EXERCISE DIRECTIONS: Every line below is to be copied exactly, with the pictures left out.

DATA:
━━━━━━━━━━━━━━━━
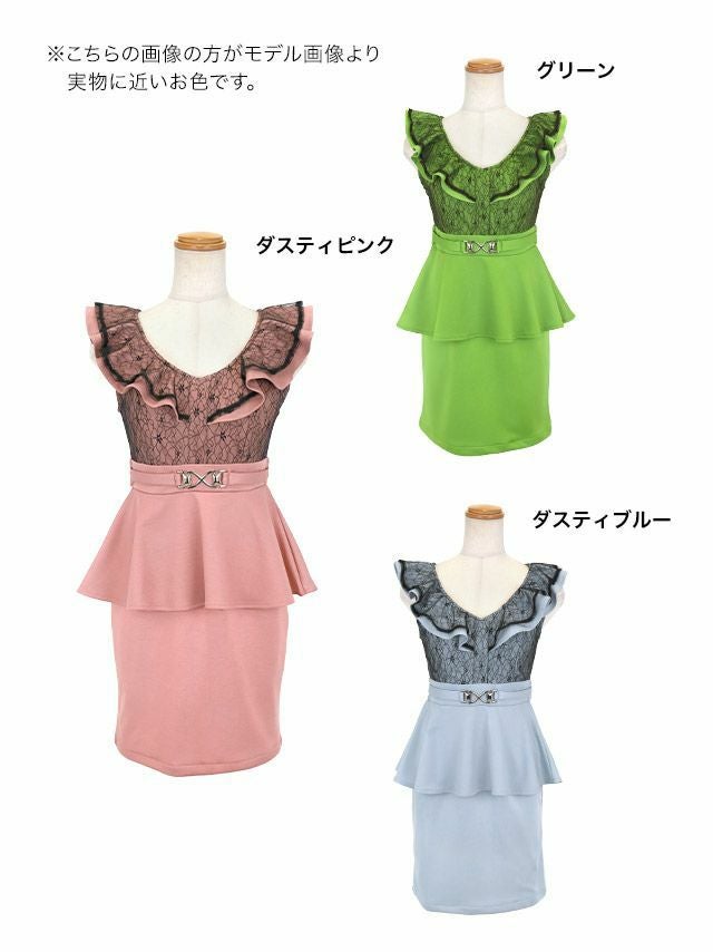 ノースリーブ大判フリル袖ブラックフラワーレース切り替えウエストベルトペプラムストレッチタイトミニドレスのカラー
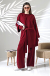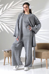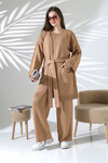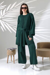 Taş Bisiklet Yaka Bluz, Hırka Ve Pantolon 3 Lü Triko Takım
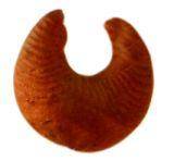 | Description / विवरण | Mullet having crescent shaped body having raised incurved ends. Each end has a small perforation. Multiple grooves on the body are prominently seen with slightly broken ends. |
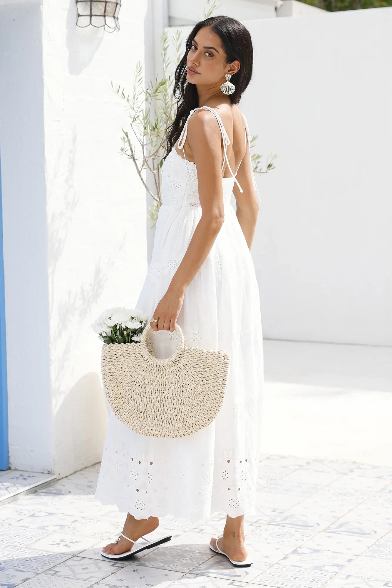 Sun-drenched days call for the effortless beauty of the Whispers of Spring Maxi Dress White. Crafted from airy white cotton with delicate broderie anglaise detailing, this dress embodies the romance of a coastal getaway. The scalloped neckline and adjustable tie straps add a touch of femininity, while the flowing silhouette moves gracefully with every step.
━━━━━━━━━━━━━━━━
RESULT:
 ノースリーブ大判フリル袖ブラックフラワーレース切り替えウエストベルトペプラムストレッチタイトミニドレスのカラー
 Taş Bisiklet Yaka Bluz, Hırka Ve Pantolon 3 Lü Triko Takım
 | Description / विवरण | Mullet having crescent shaped body having raised incurved ends. Each end has a small perforation. Multiple grooves on the body are prominently seen with slightly broken ends. |
 Sun-drenched days call for the effortless beauty of the Whispers of Spring Maxi Dress White. Crafted from airy white cotton with delicate broderie anglaise detailing, this dress embodies the romance of a coastal getaway. The scalloped neckline and adjustable tie straps add a touch of femininity, while the flowing silhouette moves gracefully with every step.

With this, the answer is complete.